Greg Harlow

Personal information
- Nationality: British (English)
- Born: 6 July 1968 (age 58) Ely, Cambridgeshire, England

Medal record
Representing England
World Indoor Bowls Championships
| Gold medal – first place | 2007 | mixed pairs |
| Gold medal – first place | 2010 | singles |
| Gold medal – first place | 2014 | pairs |
| Gold medal – first place | 2020 | pairs |
| Gold medal – first place | 2023 | pairs |

= Greg Harlow =

English lawn and indoor bowls player (born 1968)

Greg Harlow (born 6 July 1968) is an English international indoor bowls player.

==Bowls career==
===World Indoor Championships===
Born in Ely, Greg Harlow rose to the world ranking of number one indoors during 2006. Despite being world number one it was not until 2007 that he won his first title at the World Indoor Bowls Championships. That victory was the mixed pairs at the 2007 World Indoor Bowls Championship with Jo Morris.

His finest moment arrived when winning the 2010 World Indoor Bowls Championship where he defeated Stewart Anderson of Scotland in the final. A third title was won when he won the men's pairs with Nick Brett at the 2014. He repeated the success of winning the pairs with Brett again, when they won the 2020 World Indoor Bowls Championship open pairs title.

His world ranking has remained high retaining the world number ranking in 2012, 2017 and 2018 but had been unlucky in the World indoors by finishing runner-up on seven occasions.

At the 2021 World Indoor Bowls Championship, his open pairs partner Ellen Falkner became the first female player to reach the final of an open event. Harlow continued to have a successful tournament by reaching the Open Singles final but was beaten by an in-form Mark Dawes.
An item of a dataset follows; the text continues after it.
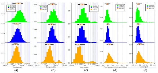 Histograms of mechanical properties quantification of the three CRC cell lines: (a) apparent Young’s modulus; (b) storage modulus; (c) loss modulus; (d) power-law exponent of the storage modulus; and (e) loss tangent. The boxplot above the histograms presents the median (red line) and the 25th and 75th percentiles (extent of rectangle in cream color), as well as the 10th and 90th percentiles (black lines extending beyond the box), respectively. Orange: HCT15, blue: HCT116, and green: SW620 cells.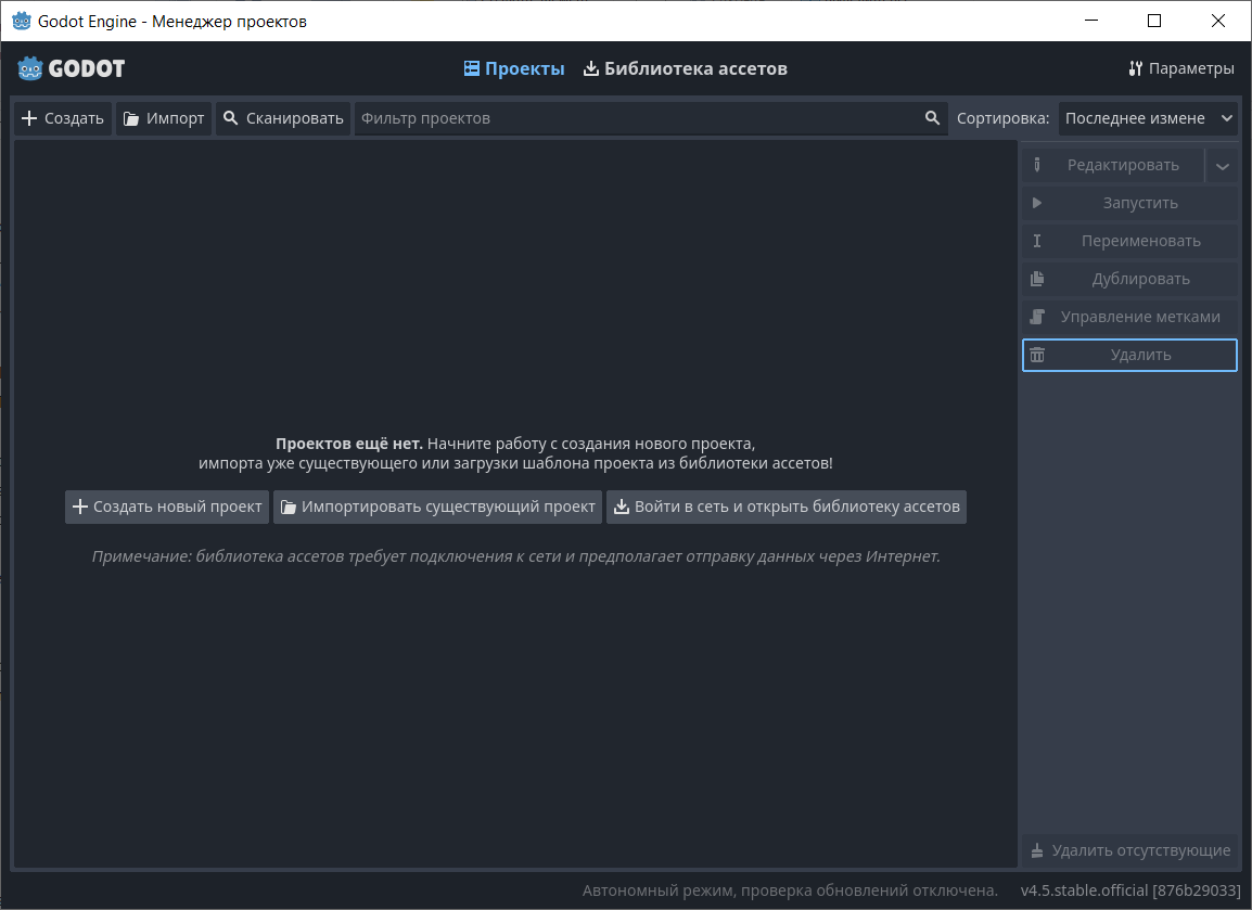 Godot представляет собой легковесный, не требующий установки игровой движок с возможностью использовать не только встроенный Python-подобный GDscript, но и C#. Проект на Godot представляет из себя совокупность «сцен», кода, ресурсов (таких как спрайты, модели, звуки и т. п.) и файлы импорта для этих ресурсов. По этой причине проекты занимают мало места и работает всё крайне быстро на довольно слабом железе. Скачать актуальную версию движка можно по ссылке. На момент написания этого урока последней версией является 4.5.

At the 2023 World Indoor Bowls Championship, Harlow won the Open Pairs with Nick Brett again, defeating Jason Greenslade and Michael Stepney in the final. It was Harlow's fifth title over all disciplines.

===Other events===
Other career achievements include winning the International Open three years in a row (2004, 2005, 2006), the Scottish International Open three times in 2008, 2015 & 2016, the Welsh Masters Championship two years running 1999 & 2000 and the World Matchplay in 2007.

==Personal life==
He has been a Bowls Ambassador and manager for Potters Leisure Resort, retiring from the post in Autumn 2025. He was previously a work associate of Mark Royal.